The name of the target is redacted from the unsealed records, but the offenses under investigation are listed as violations of the Espionage Act and theft of government property — the exact charges that have been filed against NSA whistleblower Snowden in the same Virginia court.

помочь Ладару Левинсону, владельцу Lavabit, можно здесь — и вот, что он пишет:

I’ve shut down Lavabit because I refuse to be complicit in the crimes against the American people and the U.S. Constitution. I wish I could say more about our situation.

What happens now? We at Lavabit have started preparing the paperwork needed to continue fighting for the Constitution in the 4th Circuit Court of Appeals.

 


  1. pardon the pun.  ↩

  

I’m the other

15 September 2013 | Jurisprudence, Politics, Security | No Comments

quote of the year:

I believe a free person needs no excuse whatsoever to keep communications secret from the government, whether those communications are weighty or frivolous. <...> I believe the mantra “what do you have to hide” is a contemptible and un-American sentiment that fundamentally misconstrues the proper relationship between citizen and state.

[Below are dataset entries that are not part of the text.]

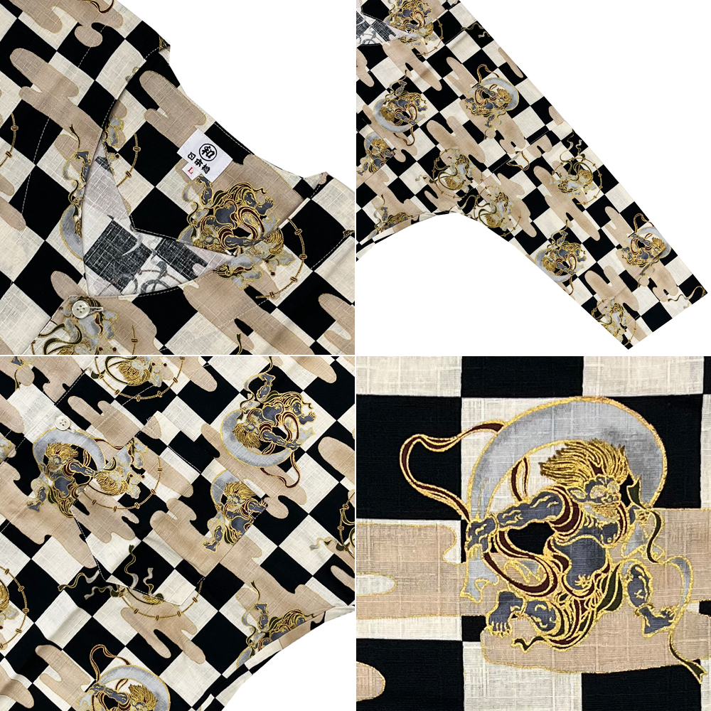 お祭用品/肉襦袢 まるわ日本桥 鲤口シャツ 风神雷神市松 [R2506-14黒白] 1号(子ども用)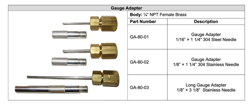 Gauge adapters are used to connect the pressure gauge to the test port. There are a few simple rules for safe usage. Gauge adapters ship from stock. Contact sales@txtestplugs.com for wholesale/dealer prices.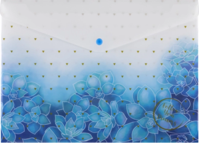 Pochette pratique pour documents au format A4 avec imprimé attrayant et fermeture fiable à bouton-pression. Offre un transport et un stockage sécurisés des documents, fabriquée dans un matériau robuste d’une épaisseur de 200 microns et livrée en assortiment de motifs. Idéale pour l’école, le bureau et les déplacements.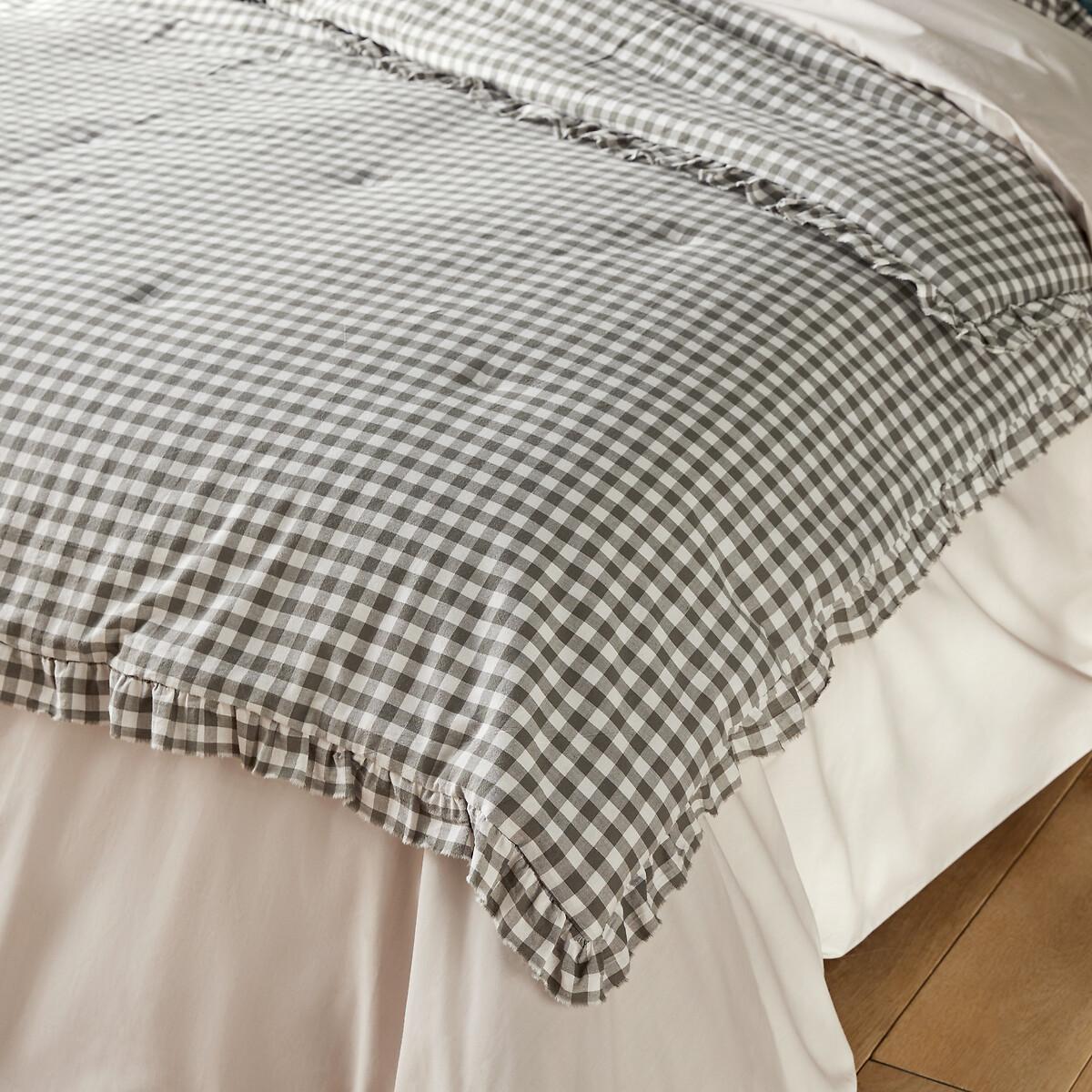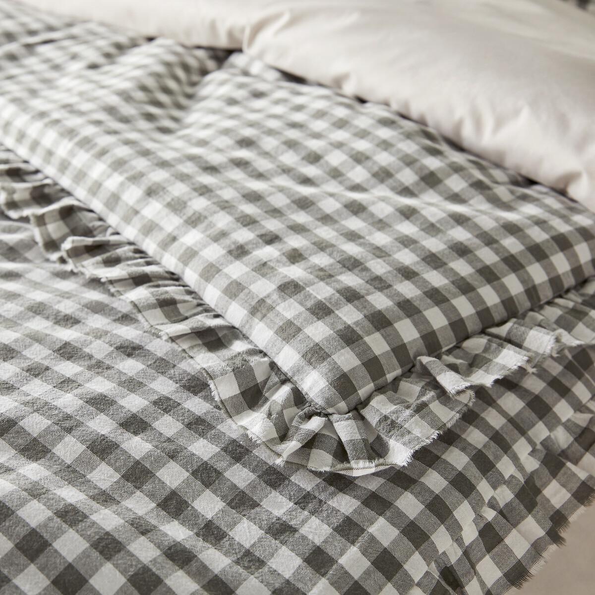 Georgette offers a gingham print combined with the softness of slightly crumpled washed cotton. Created by La Redoute Interiors. The washed cotton has been delicately bleached during its manufacture. Soft, supple and comfortable, it softens over time. Its slightly wrinkled appearance is incredibly on-trend, and it does not require ironing. Product Details • Cover: 100% cotton, washed cotton • Padding: 100% polyester (150 g/m²) • Gingham check print on both sides • Raw edge flounce finish. Care Advice • Washable at 40°C • By washing your laundry at 30°C instead of 40°C, you limit energy consumption • Safe to tumble dry. Sizes • 90 x 190cm • 150 x 150cm • OEKO-TEX® Standard 100. Standard 100 certification by OEKO-TEX® tests textile products for harmful substances via an independent, international label.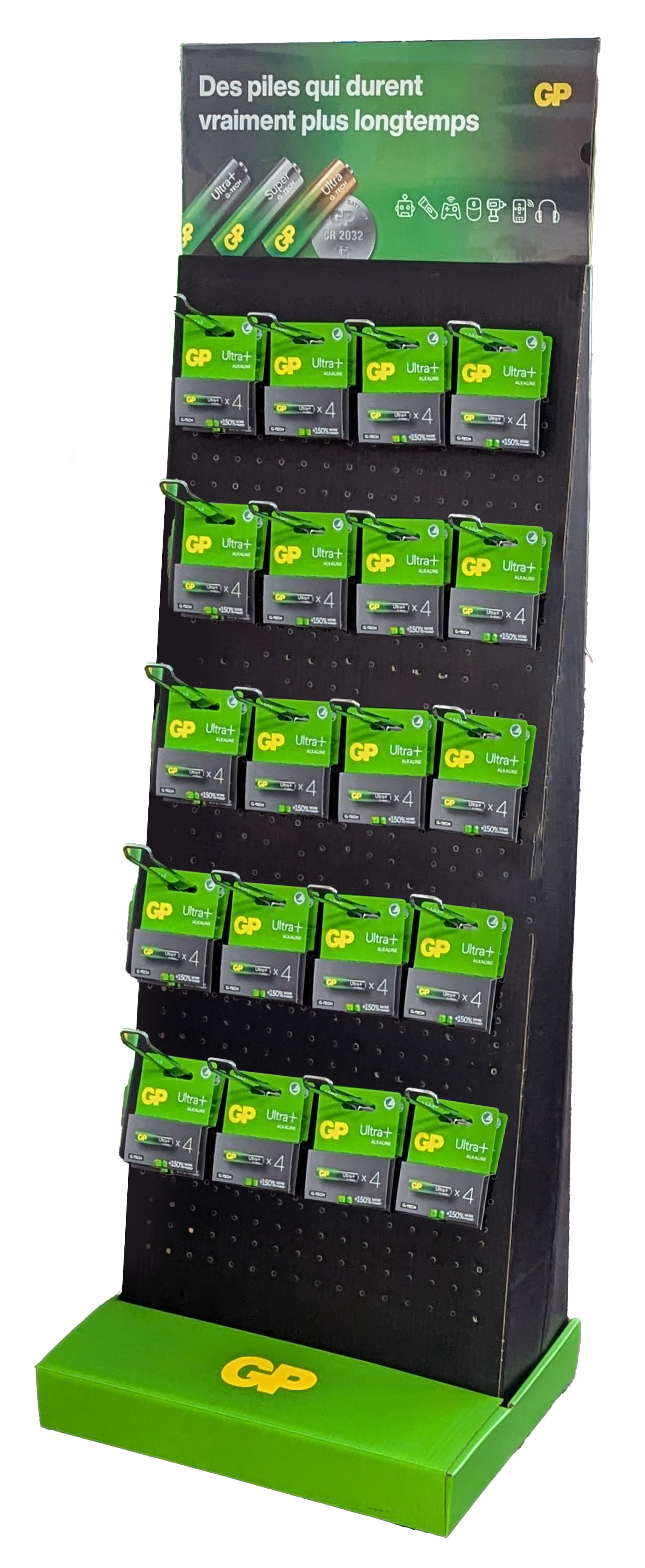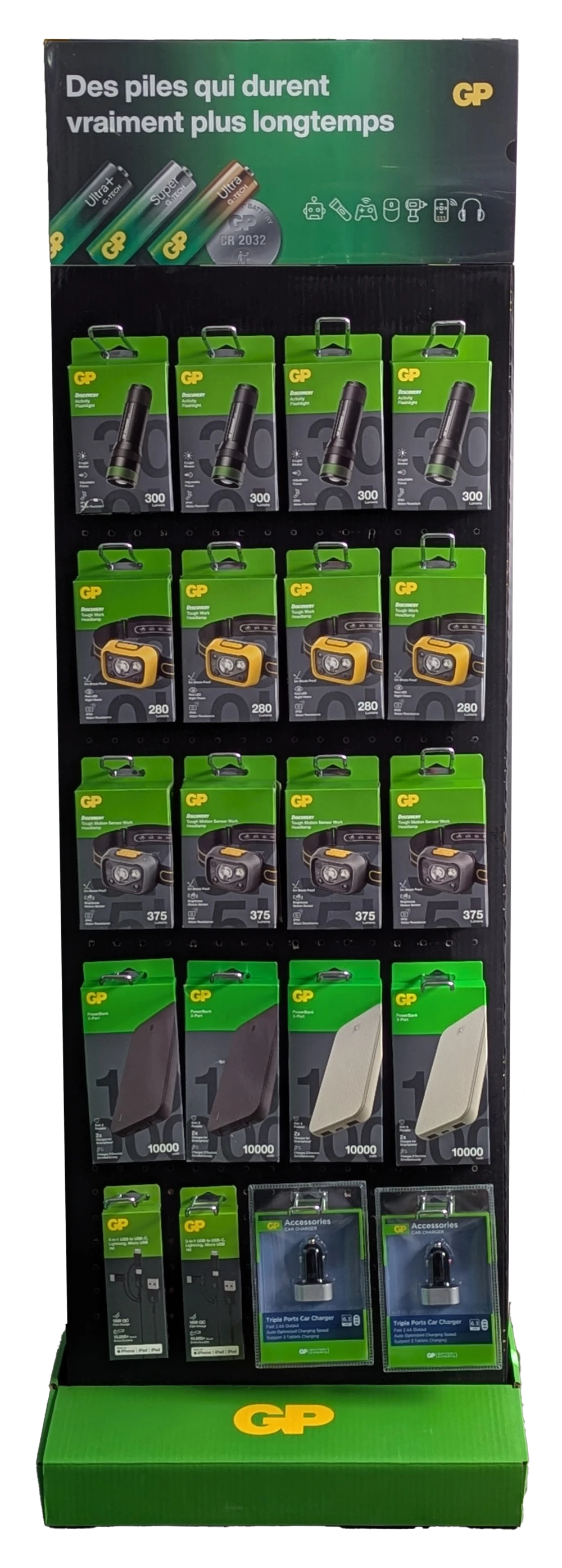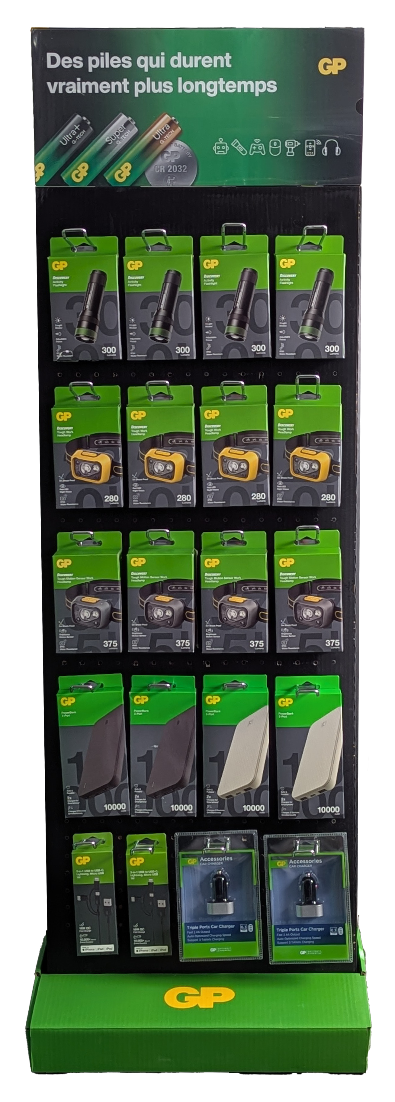 Avec son design aux couleurs iconiques de GP, ce présentoir crée un véritable point d’attraction en magasin.

welcome to the New Dark Age.

  

ингсоц в действии

27 August 2013 | Culturology, Jurisprudence, Politics, Privacy, Security | 2 Comments

к слову о Гленне Гринуолде и Дэвиде МирандаЭндрю Салливан сформулировал мои ощущения максимально точно:

In this respect, I can say this to David Cameron. Thank you for clearing the air on these matters of surveillance. You have now demonstrated beyond any reasonable doubt that these anti-terror provisions are capable of rank abuse. Unless some other facts emerge, there is really no difference in kind between you and Vladimir Putin. You have used police powers granted for anti-terrorism and deployed them to target and intimidate journalists deemed enemies of the state.

You have proven that these laws can be hideously abused. Which means they must be repealed. You have broken the trust that enables any such legislation to survive in a democracy. By so doing, you have attacked British democracy itself. What on earth do you have to say for yourself?

именно.

  

this is how totalitarianism starts

21 August 2013 | Jurisprudence, Politics, Privacy, Security | 1 Comment

о нашем общем будущем:

[A] “terrorist” is anyone the spooks say is a terrorist. In the past, we might reasonably assume our intelligence agencies targeted people who presented a potential threat to us. With the Miranda detention, it’s clear that a “terrorist” is anyone who presents a threat to them.

о предъявленном ультиматуме:

I think even lifelong British bureaucrats understand that destroying the Guardian’s hardware did nothing to destroy the data that lives on it. Encrypted copies abound – if not in England, then certainly in Russia, Germany, and Brazil.

No, they did it to send a message. And that message is, Your debate is inconsequential. We control the horizontal and the vertical. We’ll do what we want, and there’s nothing you can do to stop us.

о начале гражданской войны:

[Y]anking David Miranda out of a queue at Heathrow, tossing him into an interrogation room, and sweating him for nine hours <...>, too, was sending a message.

It was a warning to Greenwald but also to journalists and whistleblowers in general: The gloves are coming off. Or as the kids like to say, s**t just got real.